2社間ファクタリング常用化と倒産の、現実的な距離感

ファクタリングのトラブル

「一度だけのつもりだった」「今月をしのげば何とかなると思った」。
2社間ファクタリングを使った経営者の多くが、ほぼ同じ言葉を口にする。ところが現実には、一度きりで終わるケースは少数派で、二度目、三度目、五度目と“常用化”していく例が圧倒的に多い。
そして、その延長線上にあるのが倒産だ。

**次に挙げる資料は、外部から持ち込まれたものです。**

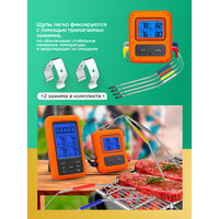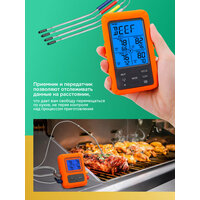 Кулинарный термометр TS-TP40-A предназначен для точного контроля температуры при приготовлении блюд. Выполненный из высококачественного АБС-пластика и нержавеющей стали, этот термометр сочетает прочность и долговечность, поддерживая надежную работу в самых разнообразных условиях на кухне. Максимальная температура, которую может измерять электрический кухонный градусник составляет 250 °С, что делает его подходящим для приготовления широкого спектра блюд, включая мясо, выпечку и десерты. В комплект входит 4 щупа, что позволяет одновременно следить за температурой в нескольких точках или контролировать разные блюда. Это особенно удобно при приготовлении сложных рецептов, требующих одновременной готовки нескольких компонентов. Щупы легко фиксируются с помощью прилагаемых зажимов, что гарантирует стабильное измерение температуры и предотвращает их смещение. Приемник и передатчик позволяют отслеживать данные на расстоянии, что дает возможность свободно перемещаться по кухне, не теряя контроля над процессом приготовления. Удобное управление и интуитивно понятный интерфейс делают бытовую технику простой в использовании даже для начинающих кулинаров. Гаджет питается от четырех батареек типа AAA, обеспечивая долгую автономную работу. Такой товар для кухни незаменим для блюд и напитков, которые требуют определенной температуры.

これは脅しでも誇張でもなく、実務の現場で何度も繰り返されてきた事実である。


「常用化」は資金繰り改善ではなく、時間を買っているだけ

2社間ファクタリングの最大の問題点は、資金繰りが良くなったように錯覚させる構造にある。
実態は、将来入ってくるはずだった売掛金を、極端に割り引かれた価格で前倒し現金化しているだけで、会社の収益力も支払能力も一切改善していない。

一度使うと、次月の入金はすでに先食いされているため、再び資金が足りなくなる。
その穴を埋めるために、また2社間ファクタリングを使う。
このループに入った時点で、それはもはや資金調達ではなく「自転車操業の延命装置」に変質している。


2回目に入った時点で、倒産リスクは一段階跳ね上がる

実務感覚で言えば、2社間ファクタリングを2回使った会社は、すでに黄色信号を超えている。
理由は単純で、資金繰りが一時的な事故ではなく「構造的な赤字」に近づいている可能性が高いからだ。

しかも、2回目以降は条件が悪化することが多い。
手数料は下がらず、むしろ「実績あり」「即日対応」の名目で、より高コストな契約を飲まされるケースも珍しくない。
結果として、売上に対する実質金利は年率換算で数百%レベルに達し、会社の体力を確実に削り取っていく。


常用化した会社が倒産するまでの「平均的なパターン」

多くのケースに共通する流れは、ほぼ決まっている。

まず、資金ショートの穴埋め目的で初回利用。
次に、先食いした分の資金不足を補うための2回目。
その後、「今月さえ乗り切れば」という思考停止状態で、月1回ペースの常用化に入る。
そして、どこかの月で売掛金が足りなくなり、資金調達そのものが成立しなくなる。

この時点で、もう打つ手はほとんど残っていない。
銀行融資は当然通らず、ノンバンクも敬遠し、残るのは脱法金融まがいの業者か、完全な闇金だけになる。
ここまで来ると、倒産までの距離は「年単位」ではなく「数か月単位」になる。


なぜ「やめ時」が来ても止められないのか

2社間ファクタリングが厄介なのは、精神面にも強く作用する点にある。
一度「即日で金が出る」という成功体験をしてしまうと、他の選択肢が極端に面倒に感じられるようになる。

取引先に頭を下げる。
支払いサイトの延長を交渉する。
税金や社会保険の分納を相談する。
金融機関に正面から赤字を説明する。

本来なら、これらを最優先でやるべき局面なのに、「今日中に金が出る」という誘惑に負けて、また2社間ファクタリングに手を伸ばしてしまう。
その瞬間、倒産までのカウントダウンは確実に一桁縮まる。


倒産との距離感は「金額」ではなく「回数」で測るべき

よくある誤解が、「まだ数十万円だから大丈夫」「今回は小口だから問題ない」という発想だ。
しかし、危険度を測る指標は金額ではない。回数だ。

1回目は事故。
2回目は警告。
3回目以降は常習化。
5回目を超えたら、もはや再建ではなく「延命」フェーズに入っている可能性が高い。

この段階で2社間ファクタリングを止められなければ、倒産はほぼ不可避になる。
それほど、この金融商品は“逃げ場を奪う構造”をしている。


結論:常用化した瞬間、倒産は「時間の問題」に変わる

2社間ファクタリングは、最後の手段ではない。
最後の手段「に見せかけた、最短ルートの崖道」だ。

一度でも使った時点で危険水域に入っているが、常用化した瞬間に、その会社はすでに倒産との距離を測れる位置まで来てしまっている。
しかもその距離は、思っているよりずっと近い。

本当に生き残りたいなら、恥をかく選択肢、面倒な選択肢、今すぐ金にならない選択肢を、2社間ファクタリングより先にやるべきだ。
それを飛ばしてこの「合法ヤミ金」「脱法金融」に頼る限り、倒産は先送りされるだけで、回避されることはない。